## Problem
Take the records below and extract, word for word, the lines from the one containing "These art batts" through the final line, inclusive. Omit pictures.

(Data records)
* * *
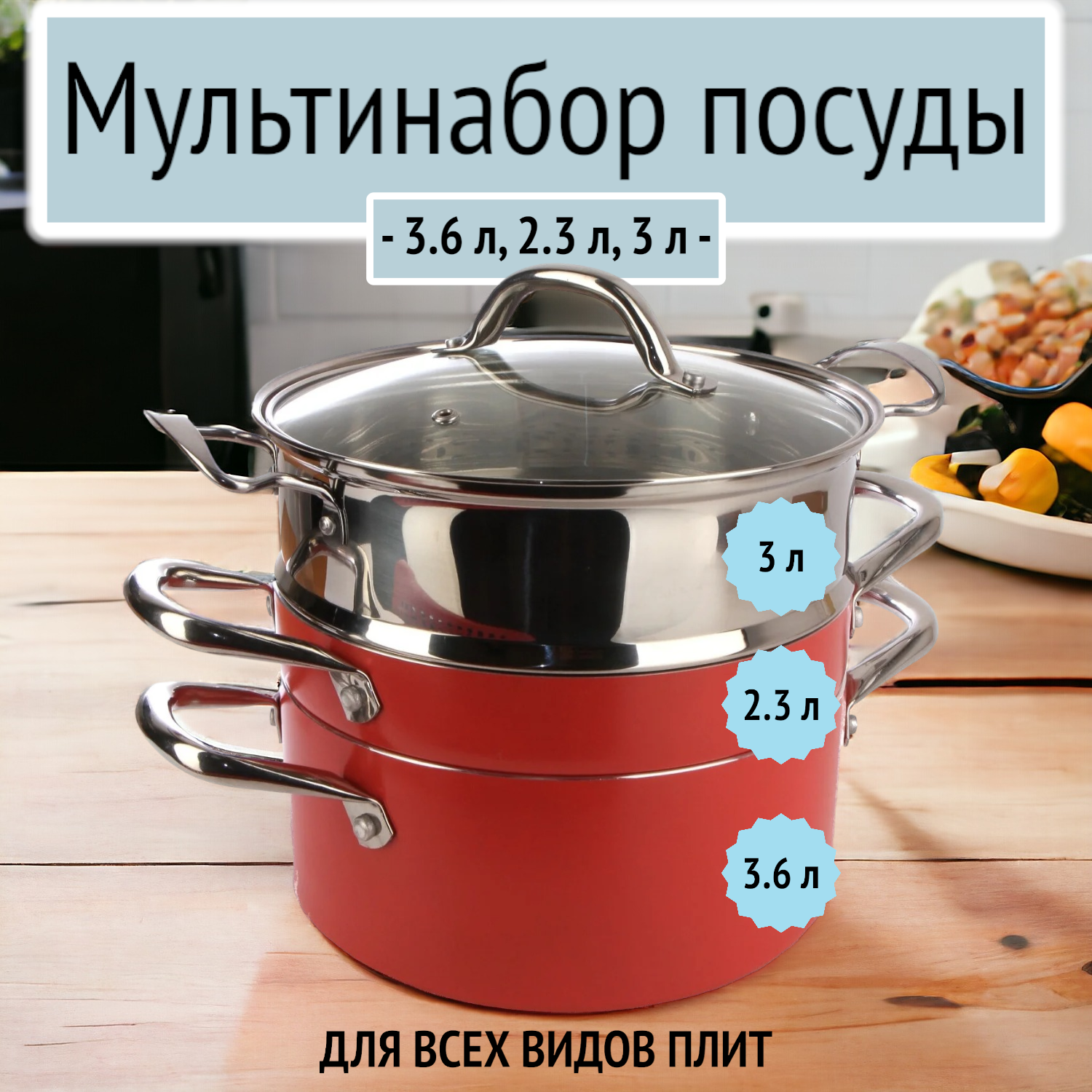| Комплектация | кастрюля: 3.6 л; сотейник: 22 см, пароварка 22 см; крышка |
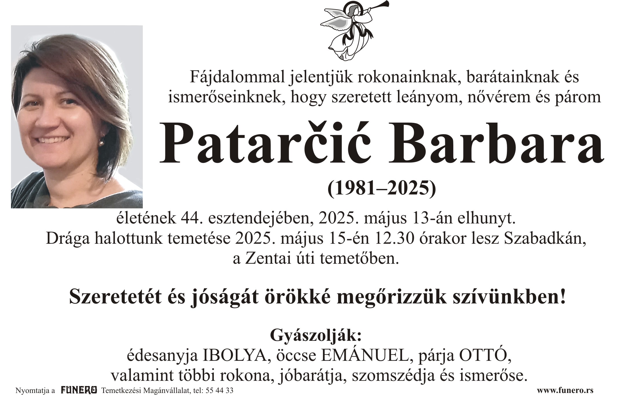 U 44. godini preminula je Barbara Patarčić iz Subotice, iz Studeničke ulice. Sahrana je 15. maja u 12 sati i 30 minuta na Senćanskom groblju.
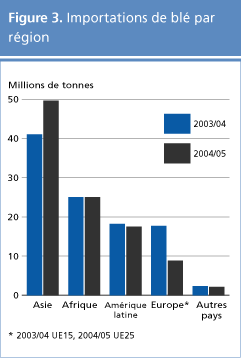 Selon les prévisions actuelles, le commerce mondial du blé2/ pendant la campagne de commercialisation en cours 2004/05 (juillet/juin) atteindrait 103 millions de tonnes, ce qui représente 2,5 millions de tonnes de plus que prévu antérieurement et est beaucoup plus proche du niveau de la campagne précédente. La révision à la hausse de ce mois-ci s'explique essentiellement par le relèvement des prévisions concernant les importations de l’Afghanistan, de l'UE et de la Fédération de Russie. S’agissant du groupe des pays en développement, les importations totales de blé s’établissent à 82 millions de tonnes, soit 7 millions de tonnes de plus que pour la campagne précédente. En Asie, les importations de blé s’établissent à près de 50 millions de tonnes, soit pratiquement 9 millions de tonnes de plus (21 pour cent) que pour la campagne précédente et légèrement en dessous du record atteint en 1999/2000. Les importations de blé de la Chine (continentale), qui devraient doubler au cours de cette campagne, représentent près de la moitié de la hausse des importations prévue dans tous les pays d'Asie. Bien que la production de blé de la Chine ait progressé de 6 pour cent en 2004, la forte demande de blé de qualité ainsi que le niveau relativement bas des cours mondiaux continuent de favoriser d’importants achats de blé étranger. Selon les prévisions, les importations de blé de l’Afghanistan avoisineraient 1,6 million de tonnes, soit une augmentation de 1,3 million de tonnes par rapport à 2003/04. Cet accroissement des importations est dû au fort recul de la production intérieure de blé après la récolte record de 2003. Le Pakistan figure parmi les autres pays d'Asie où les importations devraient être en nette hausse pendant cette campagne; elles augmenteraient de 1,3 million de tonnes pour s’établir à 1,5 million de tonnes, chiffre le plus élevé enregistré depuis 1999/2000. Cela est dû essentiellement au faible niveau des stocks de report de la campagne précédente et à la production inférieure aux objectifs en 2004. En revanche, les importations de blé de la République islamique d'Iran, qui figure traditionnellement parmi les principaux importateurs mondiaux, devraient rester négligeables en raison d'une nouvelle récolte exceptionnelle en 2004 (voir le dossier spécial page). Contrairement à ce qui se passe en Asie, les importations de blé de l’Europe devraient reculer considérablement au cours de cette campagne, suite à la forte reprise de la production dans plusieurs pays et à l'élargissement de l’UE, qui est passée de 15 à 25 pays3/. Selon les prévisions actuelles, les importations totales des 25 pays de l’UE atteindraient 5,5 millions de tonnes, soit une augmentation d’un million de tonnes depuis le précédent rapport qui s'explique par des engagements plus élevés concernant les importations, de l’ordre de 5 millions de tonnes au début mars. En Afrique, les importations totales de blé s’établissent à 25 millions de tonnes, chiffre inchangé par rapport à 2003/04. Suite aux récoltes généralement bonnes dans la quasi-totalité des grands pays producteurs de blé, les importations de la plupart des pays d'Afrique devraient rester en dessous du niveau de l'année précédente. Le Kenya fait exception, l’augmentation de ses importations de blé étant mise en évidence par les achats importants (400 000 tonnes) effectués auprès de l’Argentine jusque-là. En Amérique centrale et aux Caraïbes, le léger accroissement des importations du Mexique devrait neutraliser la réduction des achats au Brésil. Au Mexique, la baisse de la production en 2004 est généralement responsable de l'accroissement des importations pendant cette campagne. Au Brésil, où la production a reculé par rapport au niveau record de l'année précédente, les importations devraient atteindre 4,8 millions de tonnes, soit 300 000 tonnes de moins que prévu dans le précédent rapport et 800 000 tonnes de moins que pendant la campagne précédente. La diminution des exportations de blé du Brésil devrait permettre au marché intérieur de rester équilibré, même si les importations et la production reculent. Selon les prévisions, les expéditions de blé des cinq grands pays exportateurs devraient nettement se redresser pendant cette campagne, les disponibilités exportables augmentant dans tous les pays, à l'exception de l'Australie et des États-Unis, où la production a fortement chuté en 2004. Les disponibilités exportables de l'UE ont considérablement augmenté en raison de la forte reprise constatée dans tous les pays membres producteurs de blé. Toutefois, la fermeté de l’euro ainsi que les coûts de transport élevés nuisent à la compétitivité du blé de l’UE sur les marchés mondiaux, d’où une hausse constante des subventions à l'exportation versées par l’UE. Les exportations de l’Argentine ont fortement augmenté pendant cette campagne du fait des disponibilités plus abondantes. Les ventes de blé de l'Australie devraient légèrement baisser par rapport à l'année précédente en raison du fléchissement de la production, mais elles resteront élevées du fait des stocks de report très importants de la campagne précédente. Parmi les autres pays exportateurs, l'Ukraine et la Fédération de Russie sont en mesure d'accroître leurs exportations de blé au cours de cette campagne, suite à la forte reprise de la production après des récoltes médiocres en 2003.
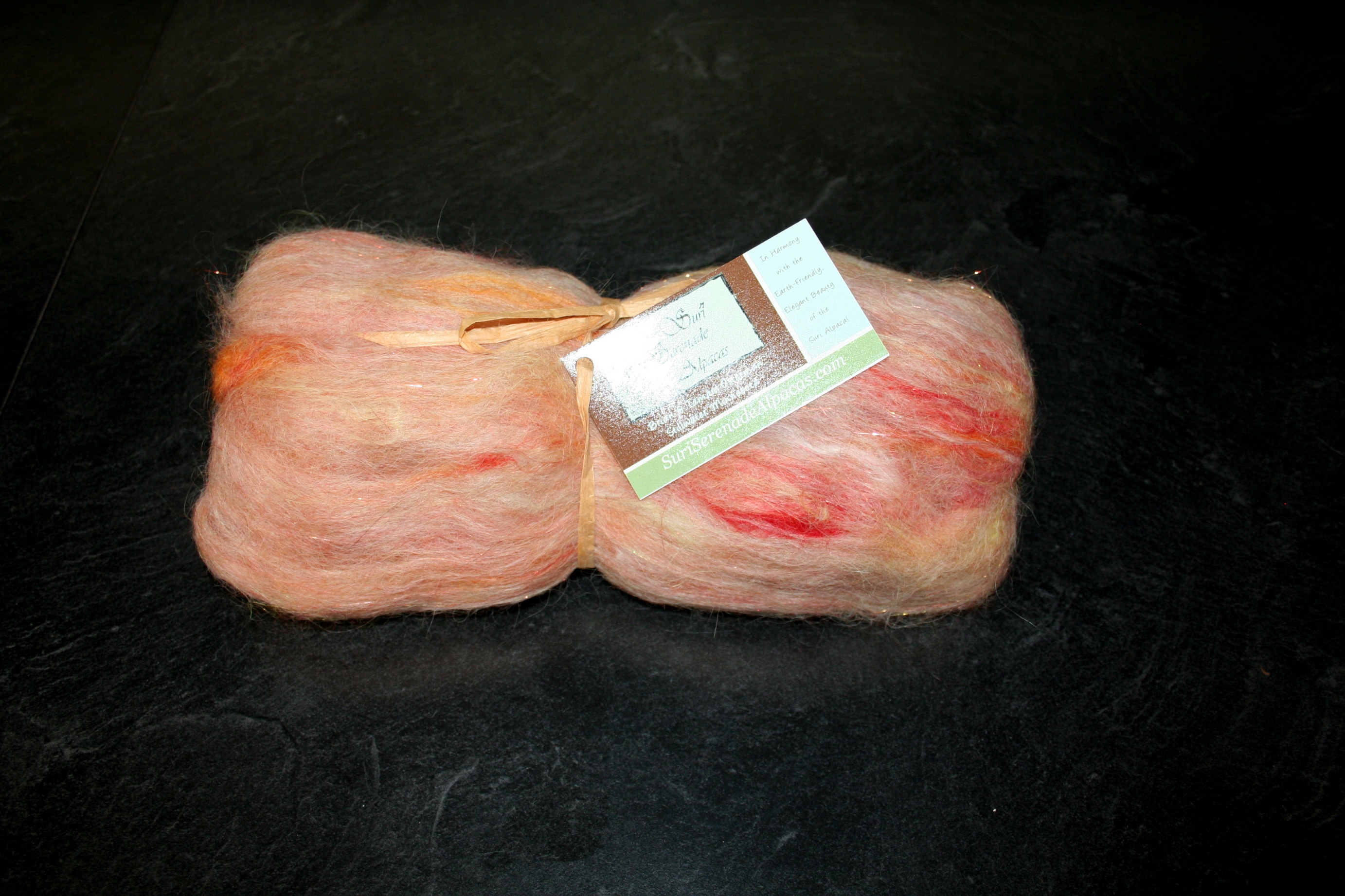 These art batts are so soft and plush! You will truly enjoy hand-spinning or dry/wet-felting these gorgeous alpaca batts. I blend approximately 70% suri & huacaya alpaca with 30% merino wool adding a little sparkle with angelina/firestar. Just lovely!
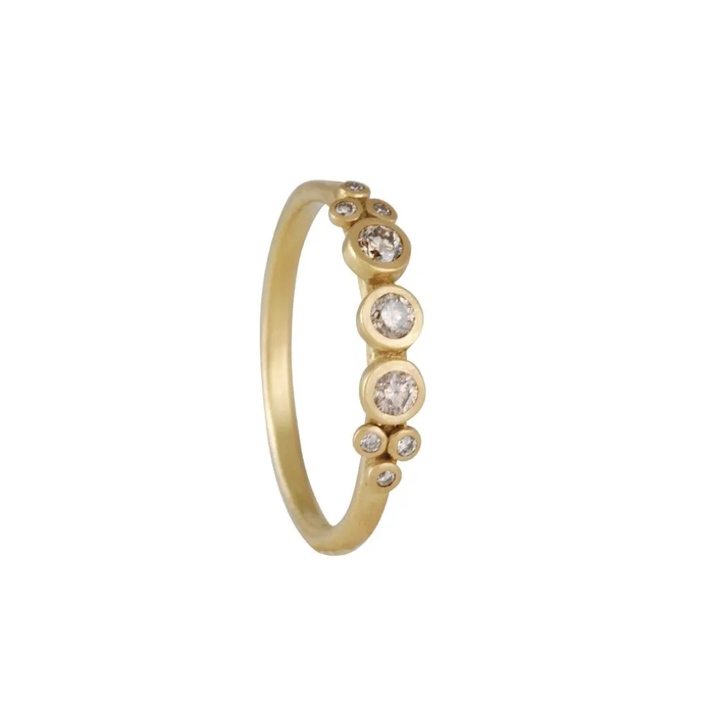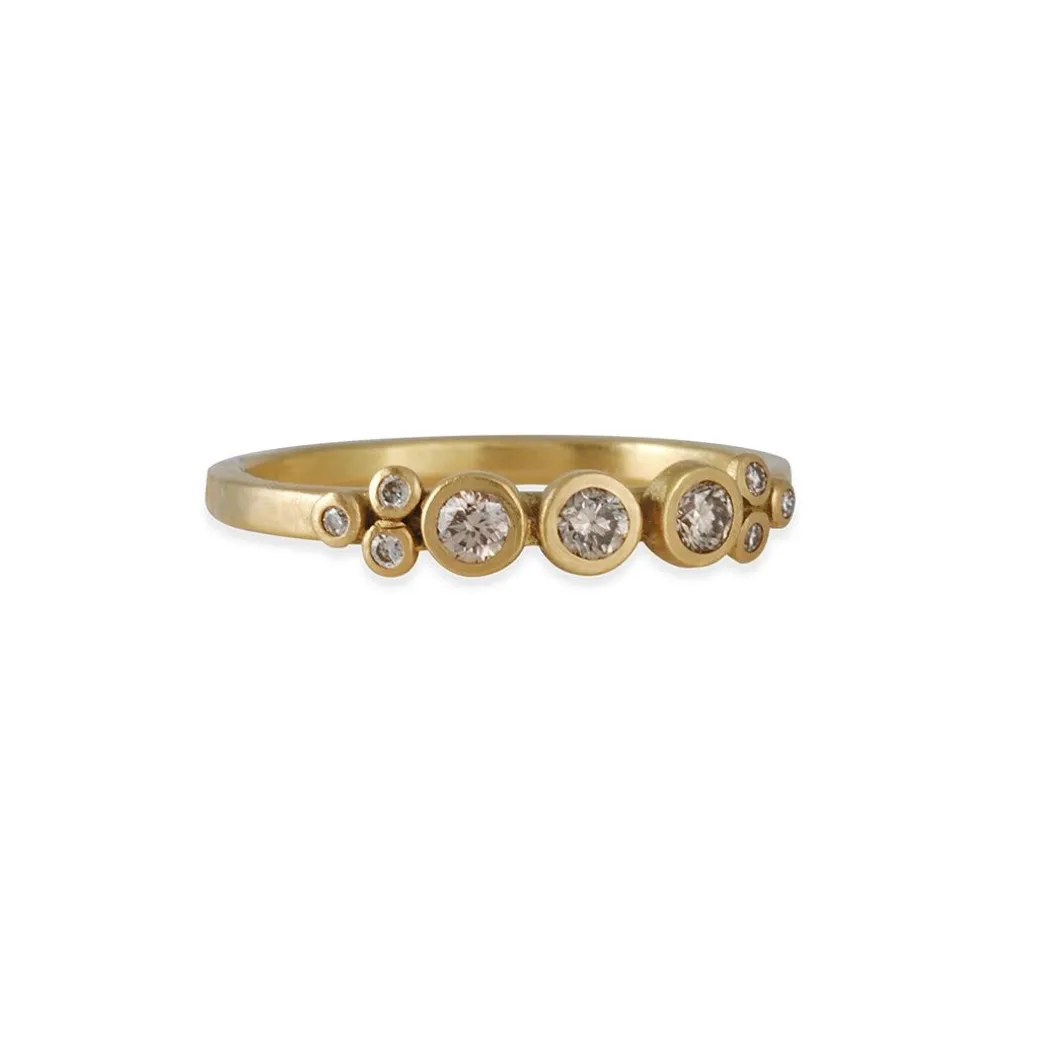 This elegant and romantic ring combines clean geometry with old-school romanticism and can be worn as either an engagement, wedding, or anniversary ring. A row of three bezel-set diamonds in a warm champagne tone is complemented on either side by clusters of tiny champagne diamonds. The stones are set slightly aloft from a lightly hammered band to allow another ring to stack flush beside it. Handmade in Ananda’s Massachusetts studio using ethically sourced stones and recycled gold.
* * *
## Answer to this problem
 These art batts are so soft and plush! You will truly enjoy hand-spinning or dry/wet-felting these gorgeous alpaca batts. I blend approximately 70% suri & huacaya alpaca with 30% merino wool adding a little sparkle with angelina/firestar. Just lovely!
 This elegant and romantic ring combines clean geometry with old-school romanticism and can be worn as either an engagement, wedding, or anniversary ring. A row of three bezel-set diamonds in a warm champagne tone is complemented on either side by clusters of tiny champagne diamonds. The stones are set slightly aloft from a lightly hammered band to allow another ring to stack flush beside it. Handmade in Ananda’s Massachusetts studio using ethically sourced stones and recycled gold.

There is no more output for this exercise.